I would further argue that any decision, whether made by humans or machines, will be biased since all possible data sources and learning algorithms can’t possibly be included. But, we can hold ourselves accountable for acknowledging those biases and understanding how they affect our selection of problems to solve and solutions to consider. AI/ML/DL opens a powerful inductive space for researchers and practitioners, a space that relies upon grounded theory development. "In science, there is a constant interplay between inductive inference (based on observations) and deductive inference (based on theory)”. Grounded Theory (GT) development is a way to construct meaning from data, a way to induce or generate understanding. There are many schools of thought around GT methods, but for this short piece the GT approach should be viewed as an inductive method based on observational data, whether qualitative or quantitative, rather than a deductive method based on theory. In this way, GT methods have a lot in common with machine learning and together these approaches may help us develop novel approaches to improving worker health and wellness.

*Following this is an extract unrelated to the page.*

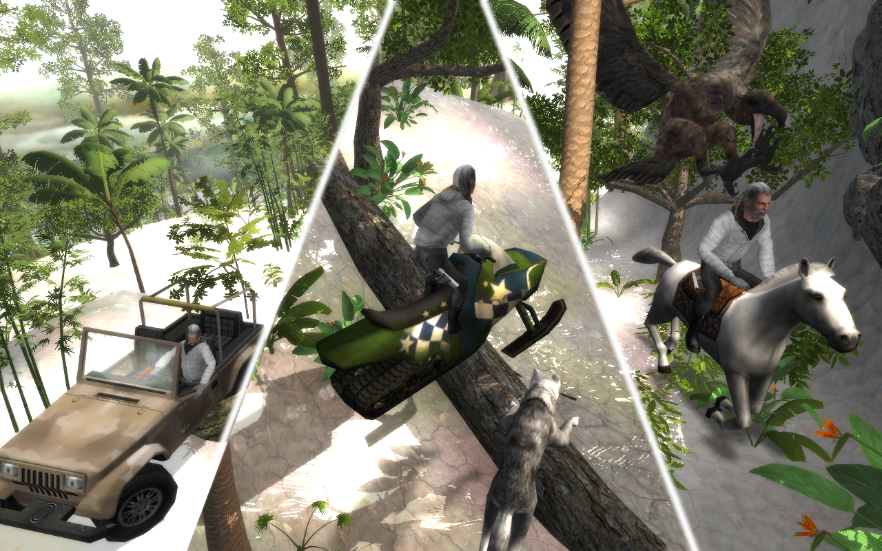 Use your 4x4 Off-Road Vehicle, Skidoo, Boat and Horse to encounter deadly animals.

Canonico and colleagues propose that “Technology doesn’t just improve our lives: it can improve the very process we use to discover new ways to understand ourselves. Grounded theory enables us to approach large social problems without presuppositions, and construct models and theories from the data itself. Machine learning and grounded theory are a perfect match because they both use induction to reason about large data sets and complex problems.” They further note that “The key lies in making state-of-the-art computational methods accessible and human-centered.”
At the ICHW we all have a human factors orientation, and we will continue to design and study a wide variety of interventions and solutions for healthy workplaces and improved employee outcomes where the person is at the center of the discovery and application. For workers, employers and others with an interest in health and wellness, we continually ask the questions -- what works for whom, when and why? – and transparently share the results.